A monitoring process modulates the strength of the input (λ) to each group of neurons simulating different trial history conditions: λ increases its value as the number of Stop trials preceding a Go trial increases and decreases its value as the number of Go trials preceding a Go trial increases (Figure 4B). We observe that the model reproduces the same relationship between the probability of failure and SSDs as observed
during the countermanding task, i.e., the probability of failing in the Stop trials increases as the SSD increases (Mirabella et al., 2006) (Figure S3A). To compute decision times in the simulations, we considered that the decision process was terminated when the difference in activity between Go and Stop pools was above a fixed threshold (Roxin and Ledberg, this website 2008). The RT was calculated by adding 150 ms to the decision time, consistent
with the peak in FR Selleckchem Epacadostat observed 150 ms before movement onset in the physiological data (Figure 2A). The mean and SD of RT obtained from the simulations (Figures 4C and S3B) exhibit the same trend as observed in the physiology of PMd (Figures 2C and S2C): the mean and SD of RT in a Go trial are longer/shorter as the number of preceding Stop/Go trials increase. Consistent with our analysis of the physiological data, the different simulated trial history conditions have a similar impact on the variability of the Go pool response (Figure 4D). those This impact of the monitoring signal λ on RT and VarCE can be intuitively understood in terms of the competition between the two neuronal pools Stop and Go through mutual inhibition (Figure 4A). The model is tuned such that the firing rate of the Go pool is not affected by this neuronal competition (Figure S3C), as observed in the response of the neurons we have analyzed (Figure S2E).

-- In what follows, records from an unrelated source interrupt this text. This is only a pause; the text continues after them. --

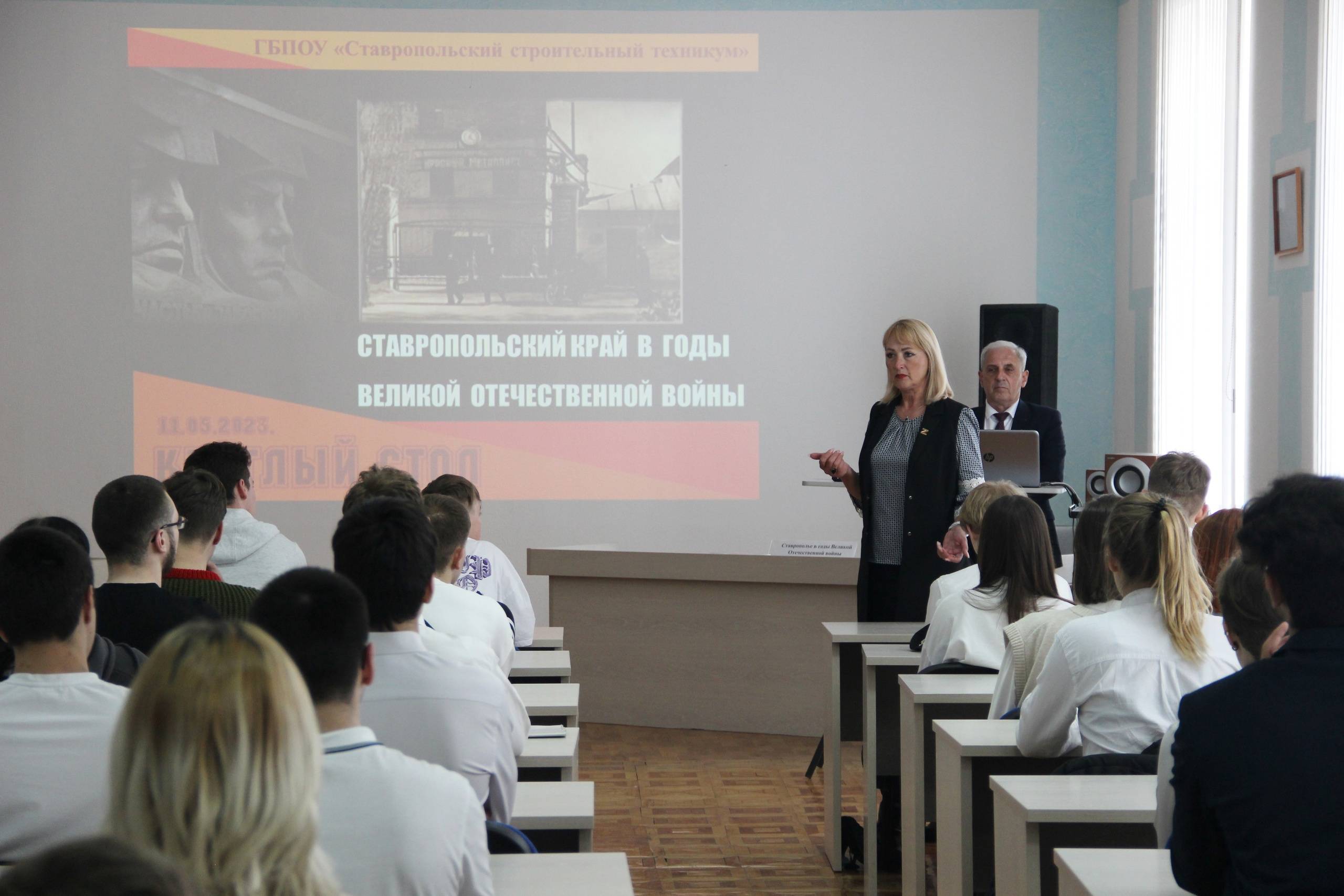 11 мая 2023 года на базе ГБПОУ «Ставропольский строительный техникум» (ССТ) состоялся круглый стол «Молодежь против фальсификации истории. Ставрополье в годы Великой Отечественной войны (1941-1945 гг.), посвященный проблемам фальсификации истории Великой Отечественной войны, вкладу Ставропольского края в Победу над немецко-фашистскими захватчиками.
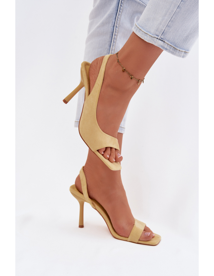 Žluté sandály na jehlovém podpatku krásně vyniknou v kombinaci s jednoduchými šaty v neutrálních barvách a dodají outfitu originální charakter.
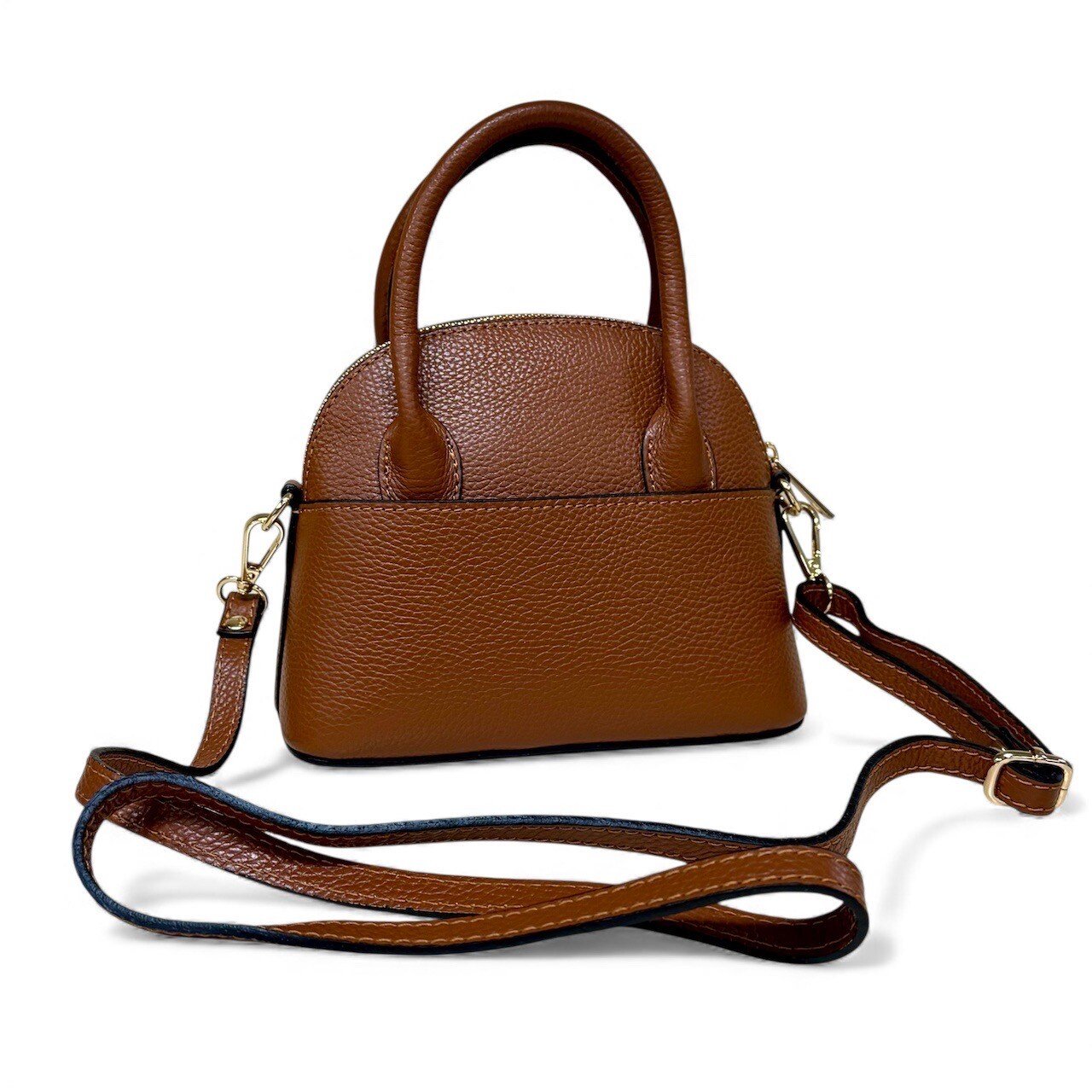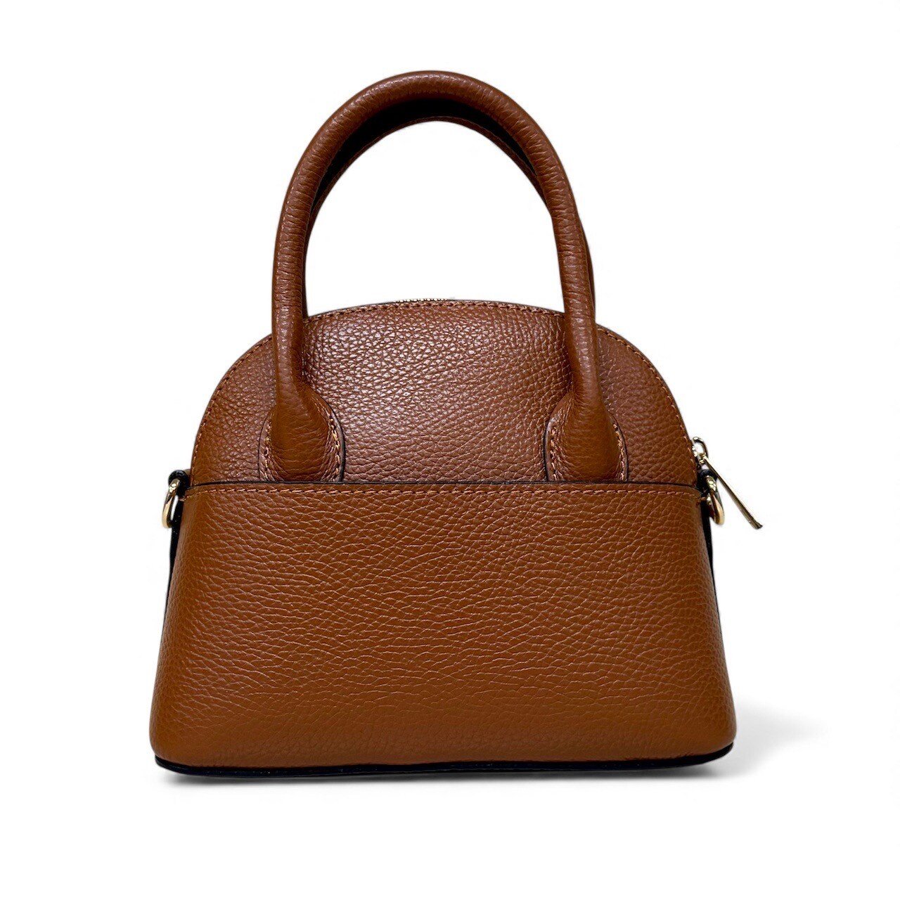 Compact handbag crafted in textured leather. Designed with a structured silhouette and top handles, it also features an adjustable and removable strap for versatile wear.
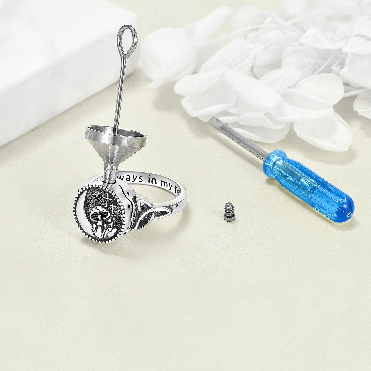This Mushroom Celtic Knot And Moon Urn Ring by YFN is a striking, retro-inspired piece that offers deep sentimental value. The high-quality sterling silver ring is intricately detailed with traditional Celtic knots, a whimsical mushroom motif, and a celestial moon symbol, creating a touch of antique mystique. Functioning as a heartfelt keepsake, it features a discreet chamber for ashes. With the comforting engraving, "Always In My Heart," this ring serves as a versatile and meaningful tribute.
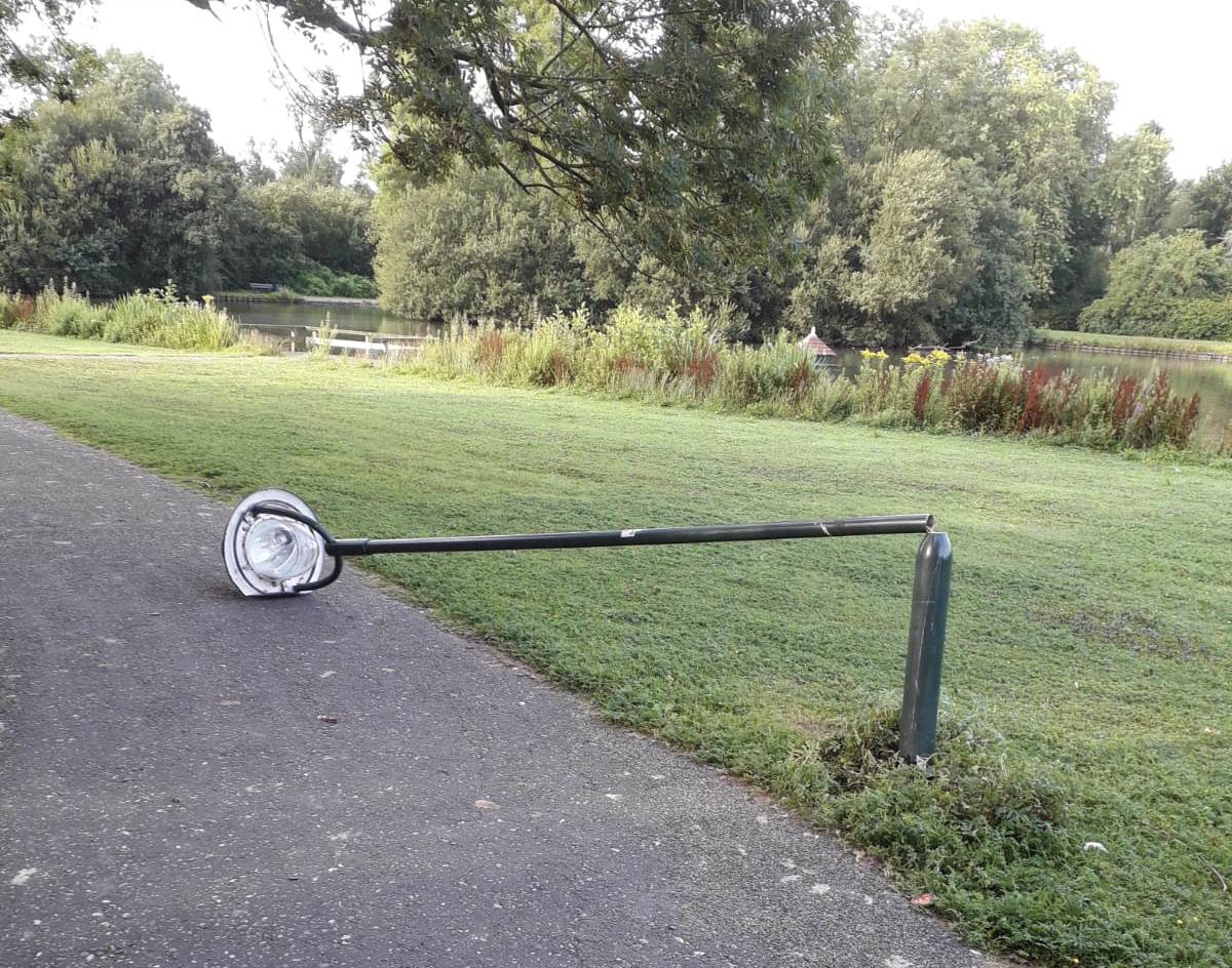 De vrijwilligers van de Stichting hebben in 2012 veel tijd geïnvesteerd om de verlichting in het park te verbeteren en deze mooie lichtmasten geplaatst te krijgen. Dan is het hoogst frustrerend om nu te moeten zien hoe dit door pure baldadigheid wordt vernield. Wij hebben aangifte bij de politie gedaan en willen graag weten wie dit heeft gedaan. Heeft u op de bewuste avond iets gezien dat kan helpen de dader(s) op te sporen? Laat het ons weten!
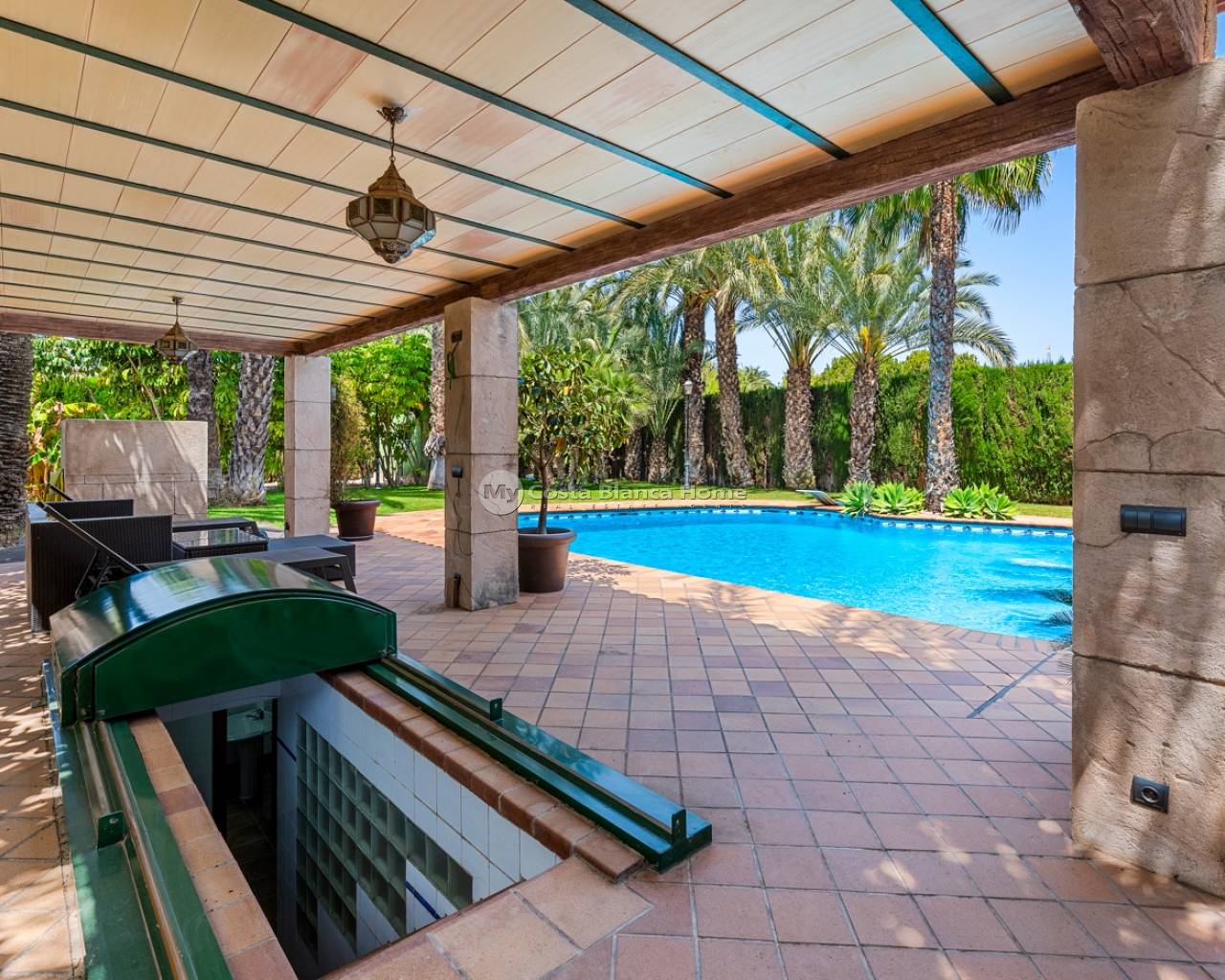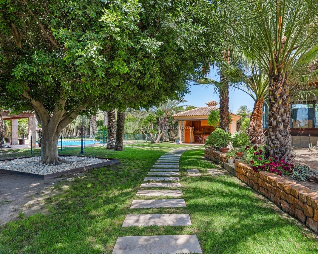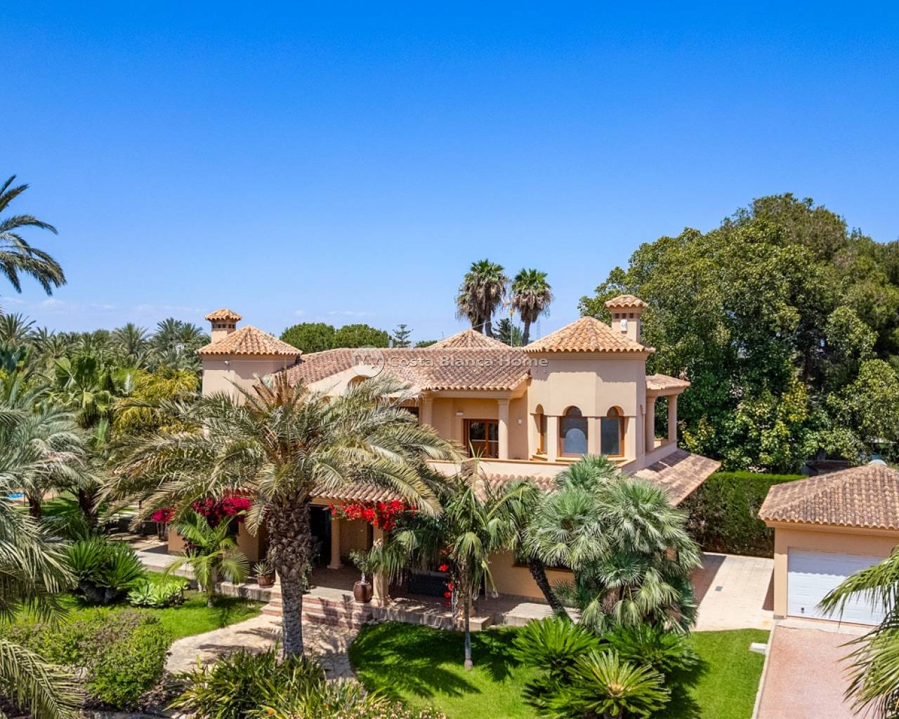 Welcome to this beautiful property located in a popular neighborhood in Elche. The finca sits on a big plot of 4.750 m2. Most of the house is completely renovated since 2019. The main house consists of two floors. On the main floor you will find a spacious foyer, a living room and dining area, a newly renovated kitchen, laundry room, a bedroom, a bathroom, and a family room/glazed terrace with wonderful views to the garden and pool. On the second floor you will find four double bedrooms and two bathrooms, and a total of three balconies.From the main bedroom you also have access to a big walk-in-closet. The basement is very spacious and has a lot of potential. Today it is used as a gym/kids-room. On this floor you will also find the electrical room. The property has spacious and well maintained outside areas. Before entering the property, you will find a big porch with lots of shade for the warm summer days. The garden is beautiful, and here you will also find a fully equipped outside kitchen. By the pool there is also a very clever under built that consists of two dressing rooms, storage, a bathroom and a shower. This under built is covered, and you access it by stairs. On the plot you also have a double garage with an automatic door. For more information, or to schedule a viewing, contact us!
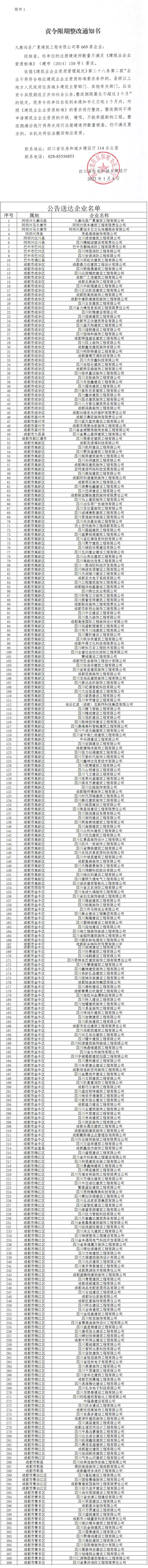 经核查,你单位的注册建造师数量不满足《建筑业企业资质标准》(建市〔2014〕159号)要求,我厅依法作出《责令整改通知书》,责令限期改正,并于2021年11月27日在四川省住房城乡建设厅官方网站公布《四川省住房和城乡建设厅关于责令九寨沟县广夏建筑工程有限公司等1914家企业限期整改的通告》(川建通告〔2021〕163号)。
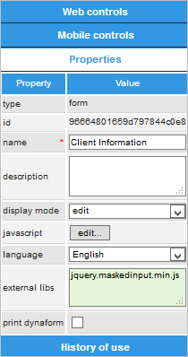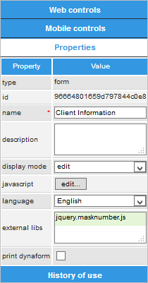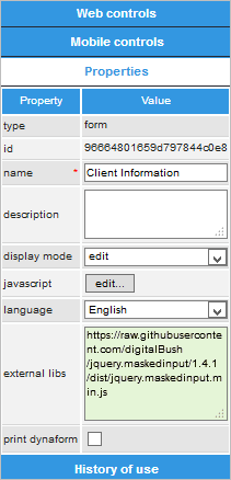 jquery.maskedinput.min.jsto the Dynaform's external libs property, as shown in the image below:
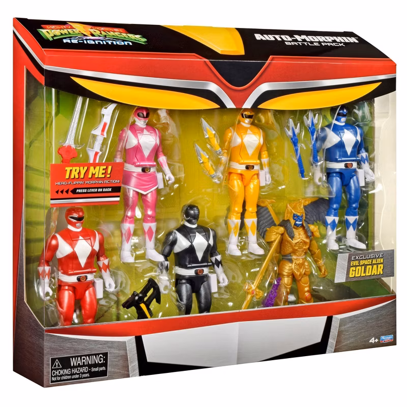Mighty Morphin Power Rangers Re-Ignition Auto-Morphin 6pk Battle Set with Red, Blue, Pink, Yellow, Black Rangers + Exclusive Goldar
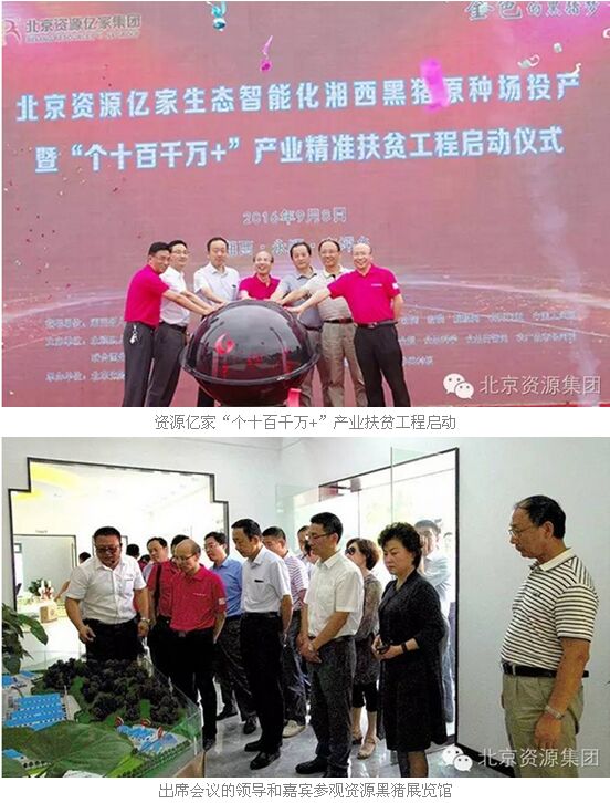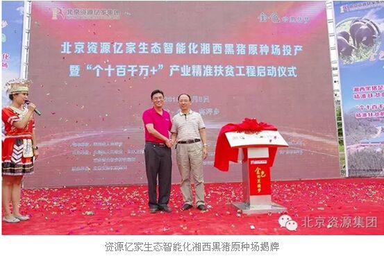 2016年9月8日9点18分,北京资源亿家生态智能化湘西黑猪原种场投产暨“个十百千万+”产业精准扶贫工程启动仪式在永顺县高坪镇那咱村隆重举行。湖南省扶贫办开发指导处处长全永海,湘西州副州长何益群,湘西州驻京办主任潘秋桂,湘西州农委、党组副书记谷仙玉,湘西州畜牧水产局局长胡丕忠,吉首市副市长谢党,永顺县委常委、常务副县长提名人田源,永顺县委常委、副县长李选锋,北京资源亿家集团董事长刘钧贻等出席仪式。

We observe that, given these assumptions that reflect the physiological properties of PMd, the addition of the monitoring signal leads to the modulation of the effect that
the Stop pool has on the dynamics of the overall network, leading to a change in the mean RT. In addition, when the influence of the Stop pool on the dynamics is increased, the intrinsic noise of the system starts to have a larger impact on the performance and dynamics of the network, resulting in an increase in VarCE and RT variability. Indeed, it has been demonstrated that the neural response variability changes with the strength of the input to this model, due to a shift in the distance from the working point of the system to the bifurcation point (Deco and Hugues, 2012; Roxin and Ledberg, 2008). Here we exploit this effect through the monitoring signal. Hence, perceptual input defines the mean rate, while the history-dependent monitoring signal defines a modulation around this rate expressed in VarCE.